**WHAT TO PRODUCE:** Nothing but the lines below from the one containing "此时,四个盒子并没有在一行并" through the one containing "Дверная ручка Extreza" should appear in the answer, exact and without pictures.

**STUDY MATERIAL:**
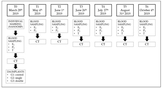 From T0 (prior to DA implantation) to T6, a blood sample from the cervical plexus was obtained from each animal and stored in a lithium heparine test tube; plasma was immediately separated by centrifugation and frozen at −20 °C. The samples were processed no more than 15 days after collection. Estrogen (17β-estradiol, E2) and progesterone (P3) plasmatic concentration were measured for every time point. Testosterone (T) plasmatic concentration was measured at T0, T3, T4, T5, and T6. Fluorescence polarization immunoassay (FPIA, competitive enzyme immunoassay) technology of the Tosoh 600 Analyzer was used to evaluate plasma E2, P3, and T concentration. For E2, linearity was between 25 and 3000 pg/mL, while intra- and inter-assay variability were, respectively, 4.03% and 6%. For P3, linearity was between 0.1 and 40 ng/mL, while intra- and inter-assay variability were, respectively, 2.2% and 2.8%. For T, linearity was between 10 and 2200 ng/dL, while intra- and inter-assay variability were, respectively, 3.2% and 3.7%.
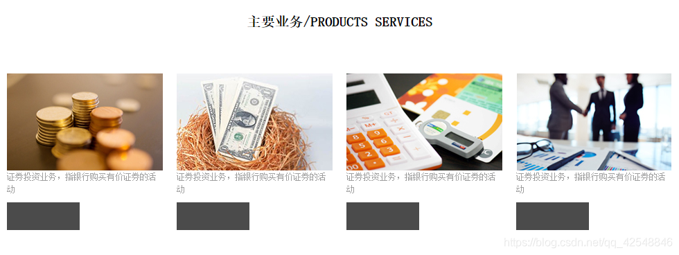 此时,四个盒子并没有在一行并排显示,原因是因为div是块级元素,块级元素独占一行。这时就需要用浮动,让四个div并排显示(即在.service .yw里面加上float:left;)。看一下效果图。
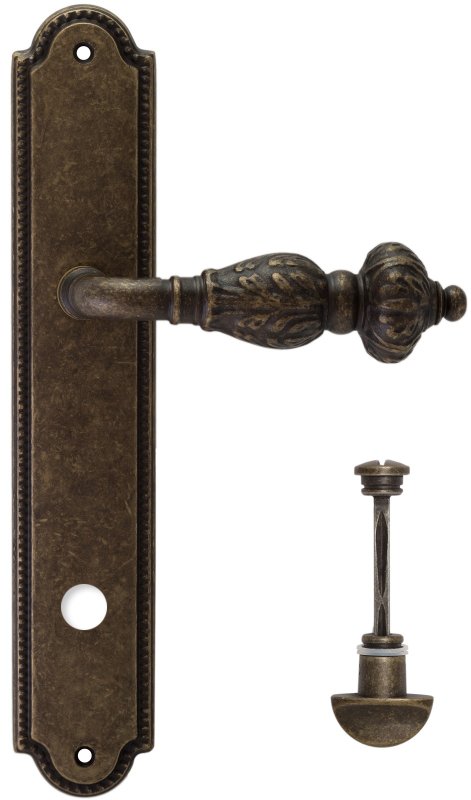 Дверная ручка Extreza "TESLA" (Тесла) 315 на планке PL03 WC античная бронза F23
--
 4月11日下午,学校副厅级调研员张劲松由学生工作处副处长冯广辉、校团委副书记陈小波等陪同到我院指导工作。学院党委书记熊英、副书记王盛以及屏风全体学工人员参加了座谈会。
* * *
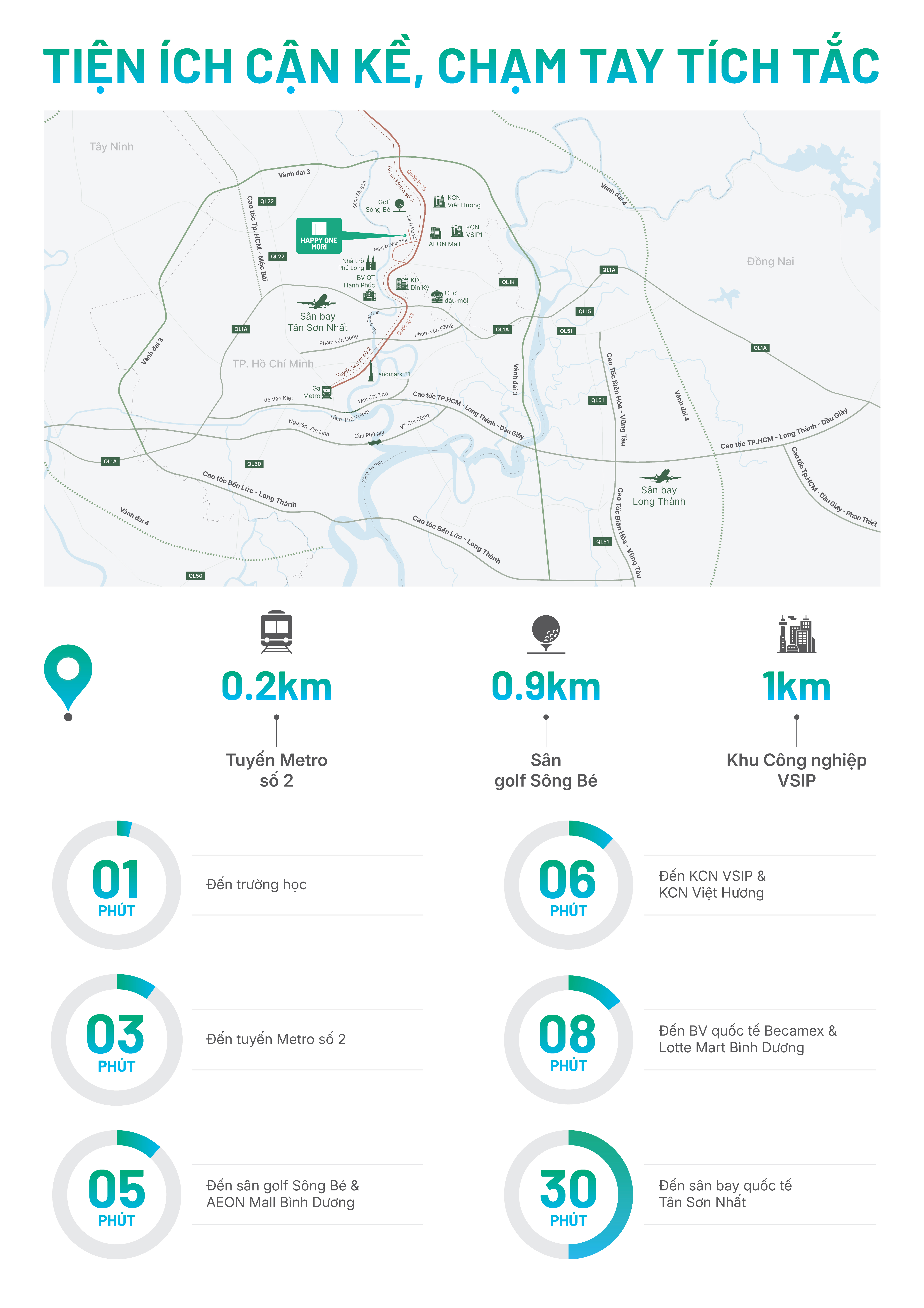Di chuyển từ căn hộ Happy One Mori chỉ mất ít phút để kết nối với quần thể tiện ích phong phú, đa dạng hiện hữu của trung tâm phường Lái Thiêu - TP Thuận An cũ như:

**EXERCISE SOLUTION:**
 此时,四个盒子并没有在一行并排显示,原因是因为div是块级元素,块级元素独占一行。这时就需要用浮动,让四个div并排显示(即在.service .yw里面加上float:left;)。看一下效果图。
 Дверная ручка Extreza "TESLA" (Тесла) 315 на планке PL03 WC античная бронза F23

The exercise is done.